Tatamagouche Summer Free School

Saturday, August 19, 2006

Interview: Abigail Lapell

Questions by Dru Oja Jay

What motivated you to start a discussion about "gender, performance and musicality"?

i was initially interested in doing something about playing music, like a guitar clinic or some kind of skill-sharing, with a focus on dealing with the kinds of challenges people experience about confidence, performance etc., picking up an instrument. women in particular seem to often feel really intimidated or excluded by music "scenes" or whatever, and that's something i'm interested in from a lot of angles: as a musician and event organizer, and sometimes-music-teacher, as a student, a feminist.... so it started to seem like there was a lot to say about these themes of gender identity and music. and that that conversation could be more open and unpredictable than a hands-on workshop, and that it would give me a chance to hear about other people's experiences around this stuff.


What kinds of things did the other participants bring to the discussion?

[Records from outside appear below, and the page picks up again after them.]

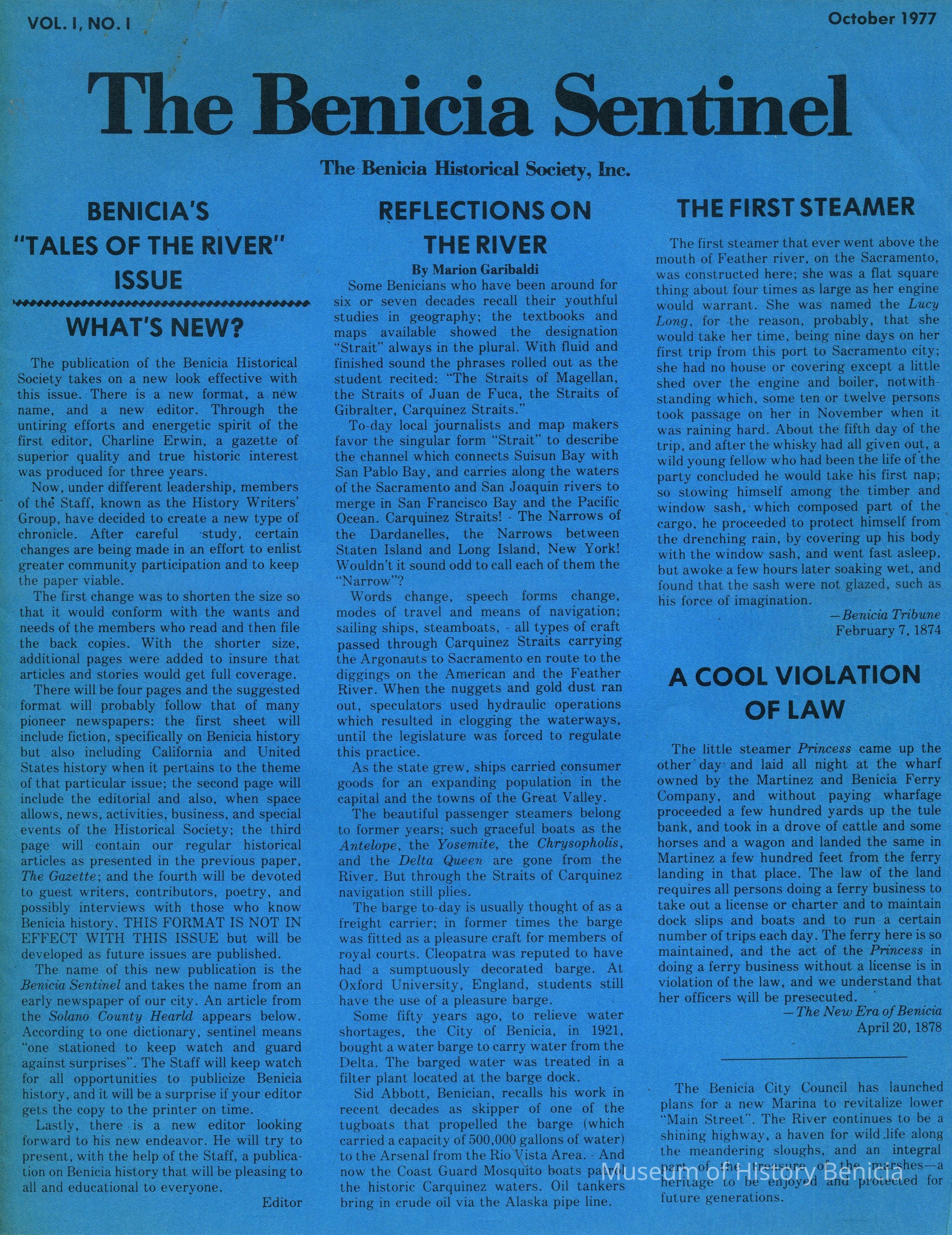The Benicia Historical Society, Inc. Vol. I, No. 1, October 1977
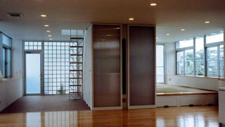 □ クライアントは、とても明るく、楽しい御家族でした。 それは、建て替え前の小さな木造住宅の引戸を全て取り除いた「開放的な暮らしぶり」に この御家族の絆があるように感じました。 この住宅は、「その暮らしの原風景」を継続するように、4LDKが、3枚引戸で、瞬時に 『ONE ROOM』へ変換する、おおらかな空間システムになっています。 玄関ホールは、アスリートの御主人のトレーニングルームに変換できたり、大人のロフト 子供のロフトがあったり、空間も楽しい構成になっています。 □ 2004年 鉄筋コンクリート造 2階 沖縄県那覇市
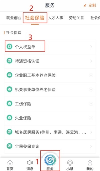 二、登录后,点击“服务”选项,选择“社会保险”,点击“个人权益单”
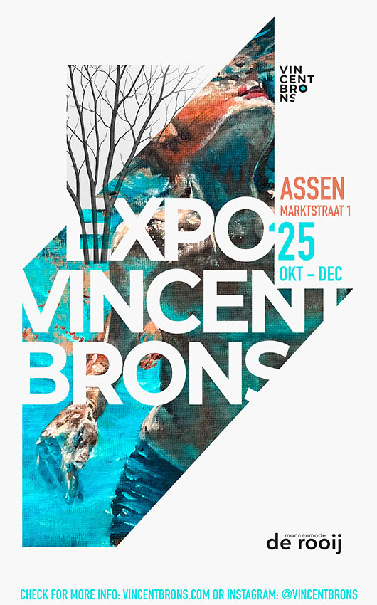 Vincent Brons (1982, Groningen) lives and works in Eelderwolde, Drenthe. In 2005 he earned his Bachelor of Design at the Academy of Fine Arts Minerva in Groningen. For many years he successfully ran a graphic-design studio in Groningen city, which he sold after 18 years, creating the freedom to explore his creative ideas on a broader scale.
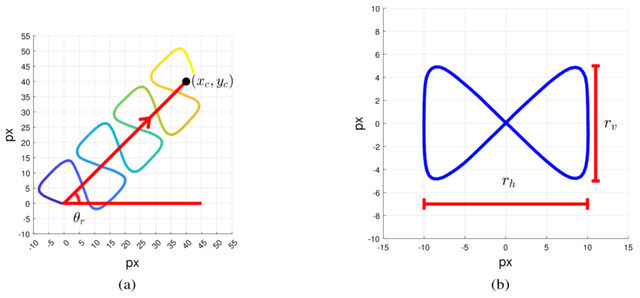 沿正向运动的位移量 θ r(公式12) 。沿“带状”路径(P x (t) P y (t))的位置由公式(13-14)生成。该带 状结构如图14b所示,其中r v表示带高,r h为宽度。P x(t)和P y (t)是t 的周期性函数。Px(t)是一个频率为2f

people talked about personal experiences of gender roles sort of through the lens of musicality, which bore out a lot of the stereotypes about women being, for instance, more quiet or isolated or tame as musicians. a couple of women talked about dealing with these kinds of issues as mothers, both as far as gender roles and child-rearing, and also the limits that parenting places on your own time for things like music.

Did you discuss possible responses to these kinds of roles?

i talked a bit about different models of organizing women's music spaces and raised the question of how these can work or not work as a kind of corrective. the theme of pedagogy kept coming up, too. it was interesting to hear from someone who home-schools her daughters, who talked about how playing music together is a really important and fun part of their education.


What do you think men's role is in addressing the issues around musical confidence and acknowledgment?

that's so hard to answer because these things emerge on such a specific and personal level. i feel like even talking about it or being aware and supportive in those minute ways goes a long way -- and i found it striking how, among both men and women who attended the seminar, there really were similar perceptions about how and why people feel excluded along gender lines. to me it's encouraging when men want in on that discussion, because this shit affects everyone.